Append the data returned from your search results with the data in the users lookup dataset using the uid field. For search results that contains a uid field, the value in that field is matched with the uid field in the users lookup dataset. The username and department fields from the users lookup dataset are appended to each search result. If the search results already have the username and department fields, the OUTPUTNEW argument only fills in missing values in those fields.

... | lookup users uid OUTPUTNEW username, department

makemv

Converts a single value field into a multivalue field by splitting the values either on a string delimiter or by using a regular expression. You can't use this command on internal fields.

Example: The following example separates values in the senders field using a comma ( , ) as the delimiter:

... | makemv delim=","  senders

Example: The following example separates the values in the my_multival field using a regular expression.

... | makemv tokenizer="([^,]+),?" my_multival

makeresults

Generates the specified number of search results in temporary memory. The results include the _time field. If you don't specify count, one result is generated.

Example: The following example generates 5 events. Using the streamstats and eval commands to create different dates in the _time field:

| makeresults count=5 
| streamstats count
| eval _time=_time-(count*86400)

mstats

Analyzes metric data by performing statistics on the measurement, metric_name, and dimension fields in metric indexes.

Example: The following example shows how to calculate a single metric grouped by time. This example returns the average value of the aws.ec2.CPUUtilization metric in the mymetricdata metric index. Use the bin command to bucket the results into 30 second time spans.

| mstats aggregates=[avg('aws.ec2.CPUUtilization')] predicate=(index=mymetricdata) | bin span=30s

mvcombine

Takes a group of events that are identical except for the specified field, which contains a single value, and combines those events into a single event.

Example: The following example creates a multivalue field from the values in the host field by using the comma as a delimiter:

... | mvcombine delim="," host

mvexpand

Expands the values of a multivalue field into separate events, one event for each value in the multivalue field.

Example: Expand the values in the myfield field.

... | mvexpand myfield

nomv

converts the values in a multivalue field into one single value.

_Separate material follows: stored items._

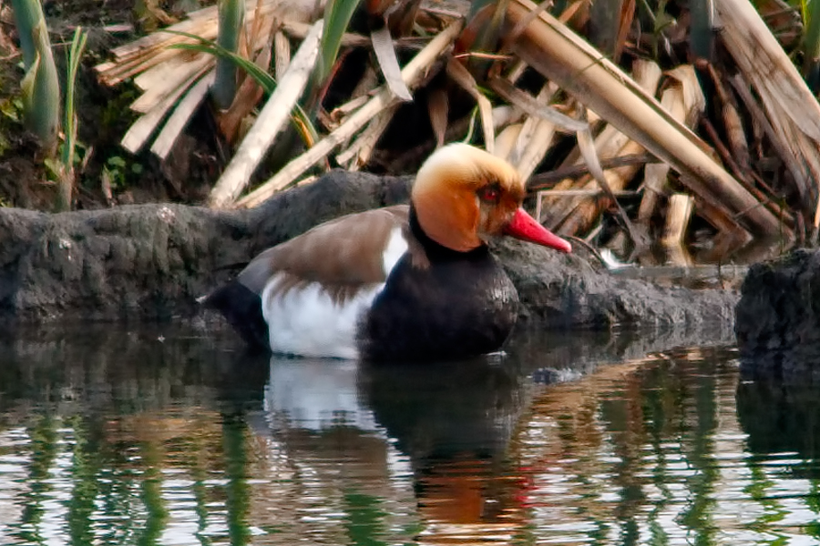 Correction to my caption further below, should of course read Reed Bunting (just another “senior moment”) and also checking your paying attention. Took advantage of the fine weather today and spent some time on the footbridge observing the Great Crested Grebes that patrol this stretch of water, with the advantage of an elevated position, good light conditions and water clarity, I could clearly see just how far back the Grebes legs and very large “paddle feet” appear to be in relationship to its body.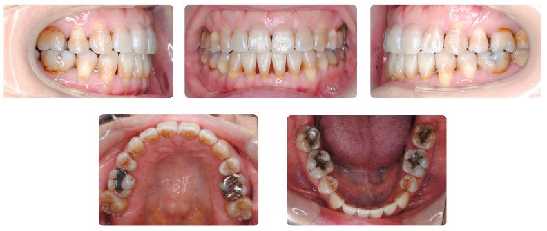 高校生の頃に矯正治療の経験があり、治療半ばでワイヤーによる固定式装置を外してから今日までそのままにしていたとのことです。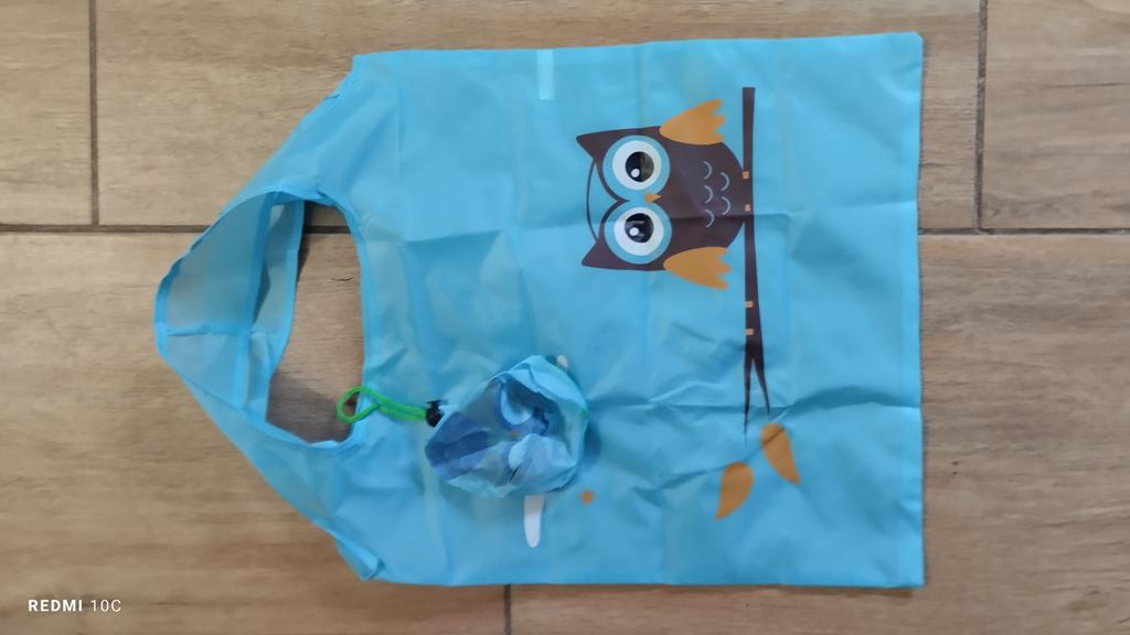 Borsa della spesa Baloney. Si ripiega in una piccola borsa a forma di una specie di gufo o qualcosa del genere. Borsa di medie dimensioni. L'ho ordinato in colore beige, ma è arrivato in blu (l'ho selezionato appositamente per abbinarlo al colore della borsa), è un peccato, ora non entra da nessuna parte.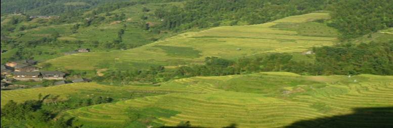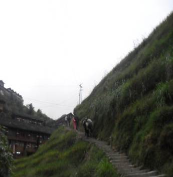 龍脊梯田區(qū)域內(nèi)最高海拔880米,最低海拔380米,坡度大多在26-35度之間,最大坡度達(dá)50度。汽車在窄小崎嶇的鄉(xiāng)村公路上盤旋,之字形的急轉(zhuǎn)彎繞過了一個(gè)又一個(gè),汽車負(fù)重爬坡的吼叫一陣又一陣,七十二道彎在蒼翠的山坡上掛上了九曲回腸,那碧綠清徹的溪流便漸漸遠(yuǎn)離而去。一路相伴的只有層層疊疊的梯田,往下看,一個(gè)個(gè)山峰酷如裝滿米谷的糧囤,那梯田就象蘆席編制的圍圈一個(gè)勁地往上竄;抬頭望,那層層越越的梯田如同見風(fēng)旺燃的火焰,跳動(dòng)著,盤旋著,仿佛要把美麗送上云天。從停車場到平安寨還有二十來分鐘的路程;蛟S是要考驗(yàn)梯田“朝圣者”的虔誠,那山路更顯得崎嶇險(xiǎn)峻。開頭的一段還是略帶坡度的水泥路,寬闊,平緩,又有溪流“叮咚”相伴。一過了那座蓋著風(fēng)雨廊的橋亭,能插足的就只有巖縫草間。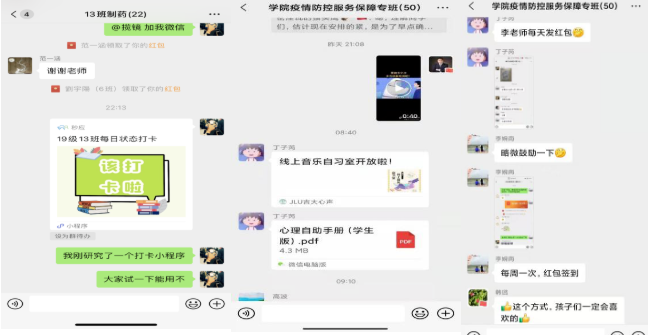 为加强全面疏导和精准指导,全体班主任与学工队伍不断创新工作方法,积极回应学生关切、解决学生诉求,通过专业化的心理辅导、亲情化的思想关怀、常态化的教育引领,引导学生平和心态、阳光战“疫”。结合重要时间节点,通过组织主题班会、小组会议,谈心谈话等形式,就学生关心的考研、保研、就业、毕业设计等问题进行逐一回应,为学生答疑解惑、排忧解难;通过自制接龙小程序、组建学习小组、开展线上打卡、撰写抗疫日记等方式,引导学生缓解紧张情绪、合理规划时间,加强体育运动和自我管理。

The values are separated using a new line ( "\n ) delimiter.

Example: The following example combines the values in the senders field, which is a multivalue field, into a single value where each value is separated by a new line delimiter.

from main where eventtype="sendmail" | nomv senders

rename

Renames one or more fields.

Example: Rename a field with special characters. Rename the ip-add field to IPAddress. Field names that contain anything other than a-z, A-Z, 0-9, or "_", need single-quotation marks.

... | rename 'ip-add' AS IPAddress

replace

Replaces field values in your search results with the values that you specify. This command does not replace values in fields generated by stats or eval functions. If you do not specify a field, the value is replaced in all non-generated fields.

Example: The following example changes a value in two fields in the search results, the start_month and end_month fields.

... | replace str="aug" replacement="August" start_month, end_month

reverse

Reverses the order of the search results.

Example:

... | reverse

rex

Use to either extract fields using regular expression named groups, or replace or substitute characters in a field using sed expressions.

Example: Extract values from a field using a regex expression. Extract user, app, and SavedSearchName from a field called savedsearch_id in scheduler.log events.

... | rex field=savedsearch_id "(?<user>\\w+);(?<app>\\w+);(?<SavedSearchName>\\w+)"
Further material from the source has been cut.